Data supplied:
§ §

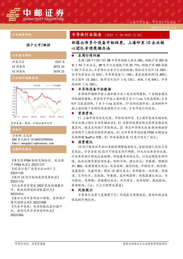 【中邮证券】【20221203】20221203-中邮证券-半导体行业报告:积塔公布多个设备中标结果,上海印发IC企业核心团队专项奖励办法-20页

§ §

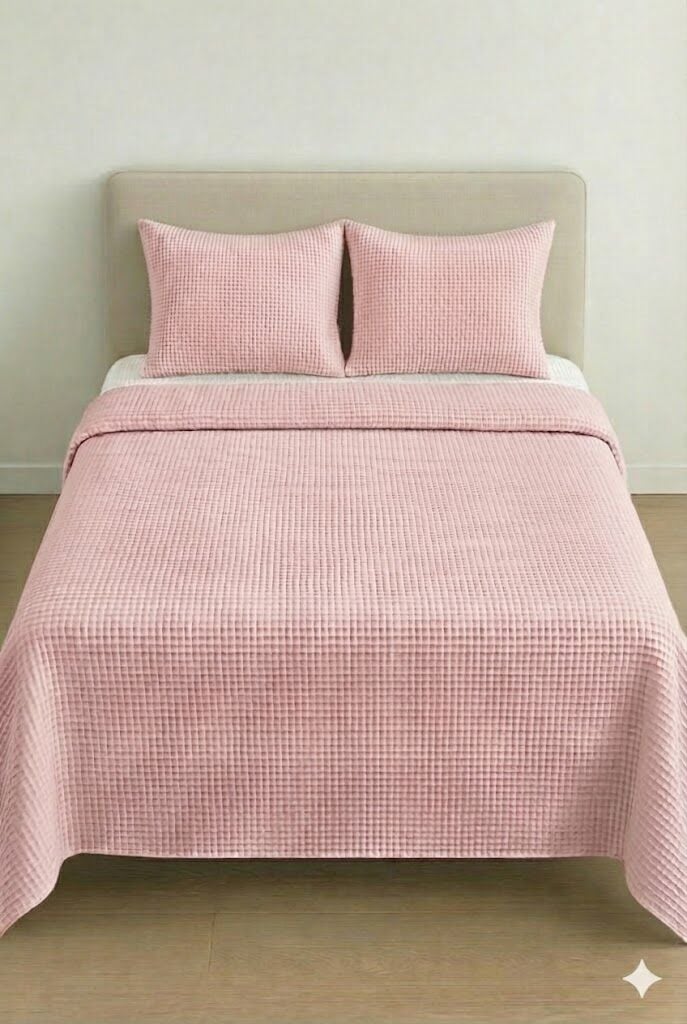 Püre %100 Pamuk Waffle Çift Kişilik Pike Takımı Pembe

§ §

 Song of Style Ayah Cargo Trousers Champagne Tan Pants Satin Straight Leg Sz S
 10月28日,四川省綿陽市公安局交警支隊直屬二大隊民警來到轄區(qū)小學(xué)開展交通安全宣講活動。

§ §

Work order:
Out of the entries above, write out only the lines between the line holding "Song of Style" and the line holding "10月28日,四川省綿陽市公", inclusive, each exactly as given.

Expected answer:
 Song of Style Ayah Cargo Trousers Champagne Tan Pants Satin Straight Leg Sz S
 10月28日,四川省綿陽市公安局交警支隊直屬二大隊民警來到轄區(qū)小學(xué)開展交通安全宣講活動。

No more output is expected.